Weak or No Ties : New Convergencies? The relationship between party in government and unions in Italy and France after 2007
Some scholars have emphasized the diversity of France and Italy within the southern group of countries by underlying the complexity affecting any attempt at classification. Traditional union identities are subject to transformation and each model have been changing in time (Hyman 2013). Important economic, political and institutional changes have occurred in both countries since the late 1970s: deindustrialization, unemployment, outsourcing, privatizations, the rise of capital markets.
This contribution compare the Italian and French unionism by focusing on the role of strategic collective actors in changing industrial relations institutions.
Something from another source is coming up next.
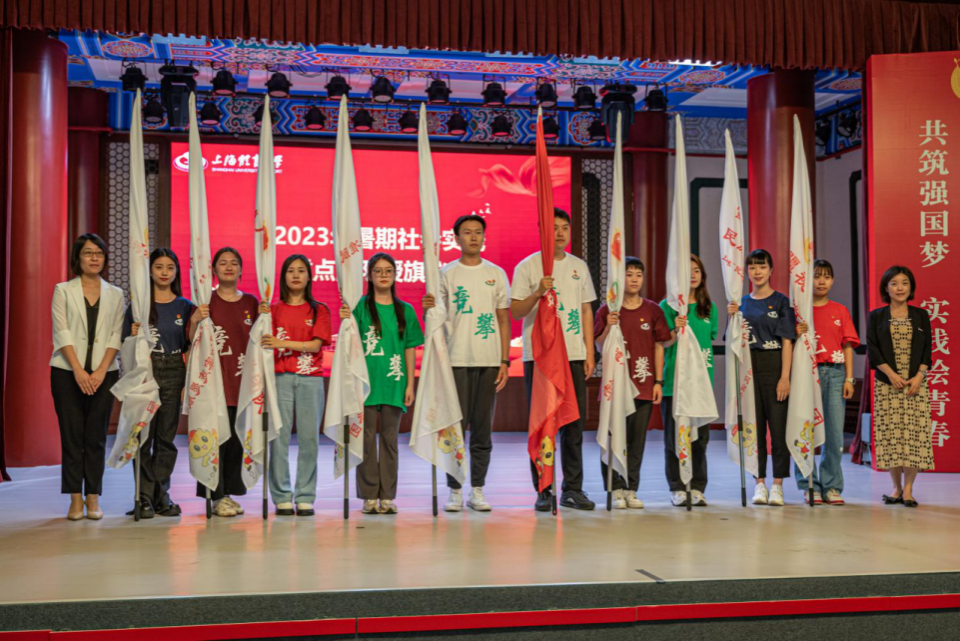 校党委宣传部部长夏铭娜与校党委学(研)工部副部长(主持工作)王丽娜老师共同为SUNBET暑期社会实践总队及各学院重点项目授旗。旗帜飘扬,相信社会实践及志愿服务团队们将饱含热情,积极投身社会实践,将实践精神带向社会,以赤诚之心贡献青春力量。

It analyses the ongoing transformations by taking into account both the influence of each institutional arrangements and the outcome deriving from the relashionship among collective actors: parties and unions, unions and employers, unions and their members and among different unions.
Modernization of French capitalism implied reframing industrial relations into the categories of market competition. From 1982, a series of legislative measures have been encouraging the decentralization of collective bargaining. This radical break with the former state-managed economy occurred under left-wing governments, leading to the collapse of union membership in the last quarter of the 20th century, from 25 to less than 8%. Collective bargaining coverage in France reach over 90 per cent, but French union density is now the lowest union density among advanced capitalist countries in Western Europe. This lead some scholars to define French unionism as a 'virtual unionism' (Howell,1998; 2009) meaning that the importance of labor unions is not a matter of power, but of influence and that legitimacy of labor unions depends on the state. Unions together with employers play an important role in the administration of the complex institutional apparatus.
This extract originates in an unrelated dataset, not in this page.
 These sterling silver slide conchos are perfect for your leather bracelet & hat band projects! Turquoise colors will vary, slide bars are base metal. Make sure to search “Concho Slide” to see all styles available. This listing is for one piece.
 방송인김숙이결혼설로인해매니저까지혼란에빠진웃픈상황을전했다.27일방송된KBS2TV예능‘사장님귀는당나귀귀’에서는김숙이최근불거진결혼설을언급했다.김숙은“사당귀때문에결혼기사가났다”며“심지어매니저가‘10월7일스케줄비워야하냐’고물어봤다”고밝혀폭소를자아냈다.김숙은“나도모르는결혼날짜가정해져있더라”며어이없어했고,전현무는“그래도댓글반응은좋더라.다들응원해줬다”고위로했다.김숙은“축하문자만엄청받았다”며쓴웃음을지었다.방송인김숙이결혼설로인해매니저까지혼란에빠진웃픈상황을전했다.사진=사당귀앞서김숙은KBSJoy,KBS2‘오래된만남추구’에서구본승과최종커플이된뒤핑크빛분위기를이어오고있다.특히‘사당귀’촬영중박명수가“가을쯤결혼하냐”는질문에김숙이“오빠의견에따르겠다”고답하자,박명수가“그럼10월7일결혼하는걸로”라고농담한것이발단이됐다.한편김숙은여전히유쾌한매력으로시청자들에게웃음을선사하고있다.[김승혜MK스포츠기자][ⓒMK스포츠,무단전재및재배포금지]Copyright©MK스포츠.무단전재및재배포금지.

In Italy, from the 1980s modernization has tended to be negotiated rather than unilaterally imposed as in France. Unstable governments with little popular legitimacy had to negotiate with unions over significant social and economic policy moves. This strengthened unions' public status, but also made them co-responsible for at times unpopular reforms. Over the same period Italian unions lost employed membership, and main unions faced serious challenges from autonomous rivals.
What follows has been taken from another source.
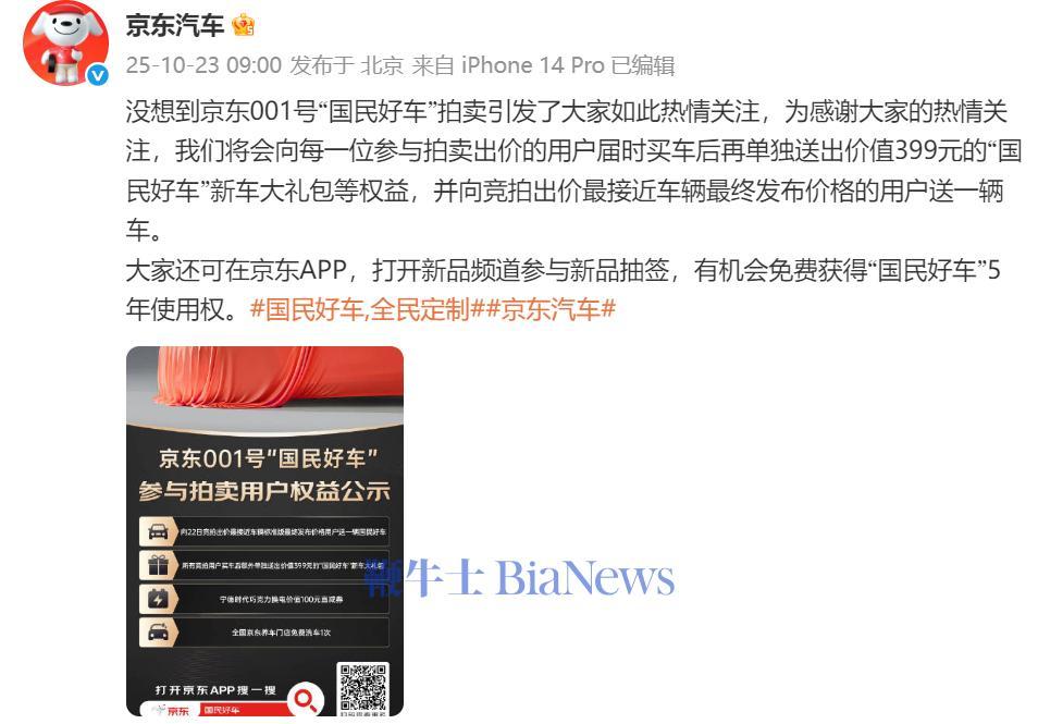 10月23日,京东汽车官方发文称:没想到京东001号“国民好车”拍卖引发了大家如此热情关注,为感谢大家的热情关注,我们将会向每一位参与拍卖出价的用户届时买车后再单独送出价值399元的“国民好车”新车大礼包等权益;

But Unions are not homogenous actors- nor is the state or parties- and Unionism is permanently mobilized and redefined by various actors and groups (Yon, 2013). Therefore in order to understand how unions still play an important role in joint regulation (Milner and Mathers, 2013), and how unions can be instrumental in both constructing and contesting Neoliberalism, it’s necessary to examine the active role they have played and still play in structuring employment relations at all levels.